Experiments

Visualization of Temporally Hierarchical Scene Graph

Visualization of Temporally Hierarchical Scene Graph

VQA Quantitative Results

The figure above presents the quantitative performance of different methods on the VQA task, measured across eight sub-tasks: Overall, 3D Perception, Fixture Location, Fine-Grained Action Localization, Fine-Grained Action Recognition, Fine-Grained How Recognition, Fine-Grained Why Recognition, Gaze Estimation, and Gaze Interaction Anticipation.

We compare four different approaches:

Blind Guess, which relies solely on the question without any scene information, achieves the lowest performance overall, with accuracy typically ranging from 0.1 to 0.3. This highlights the difficulty of answering questions correctly without access to visual context.

Per-Frame Graph (ours) leverages a full scene graph for each frame.
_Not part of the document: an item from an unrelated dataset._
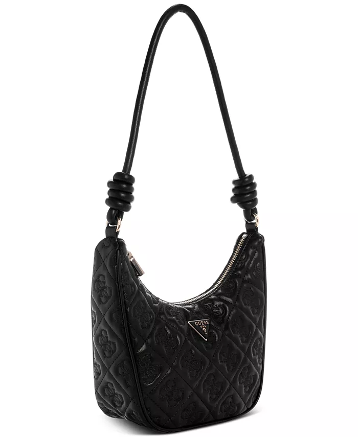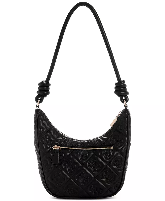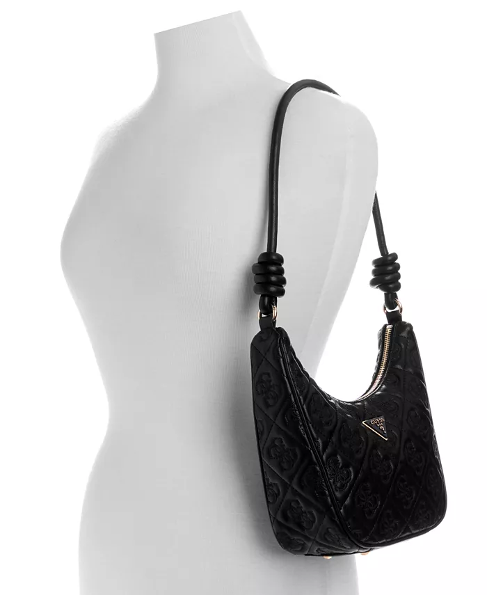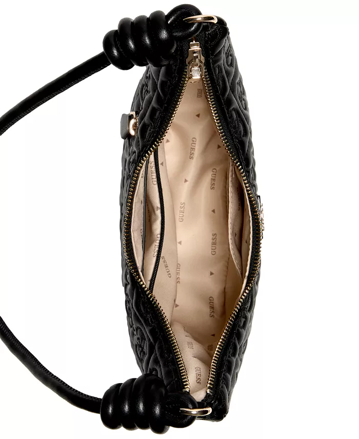 Сумка GUESS, изготовленная из роскошной стеганой искусственной кожи и украшенная вышитым принтом 4G, имеет удобное основное отделение на молнии и длинный плечевой ремень с очаровательными узлами по бокам.

It demonstrates a significant improvement over Blind Guess, particularly in Gaze Estimation and Interaction Anticipation, indicating that frame-level graph information effectively captures actions and gaze relationships.

THSG (ours) incorporates a hierarchical pruning strategy. Compared to Per-Frame Graph, it shows further improvement in some tasks, such as Fine-Grained Action Localization and Overall performance, demonstrating the effectiveness of reducing redundant information.

SceneNet[1], as a state-of-the-art baseline, performs well on 3D Perception and Fine-Grained How Recognition but slightly underperforms our Per-Frame Graph in Gaze Estimation and Interaction Anticipation.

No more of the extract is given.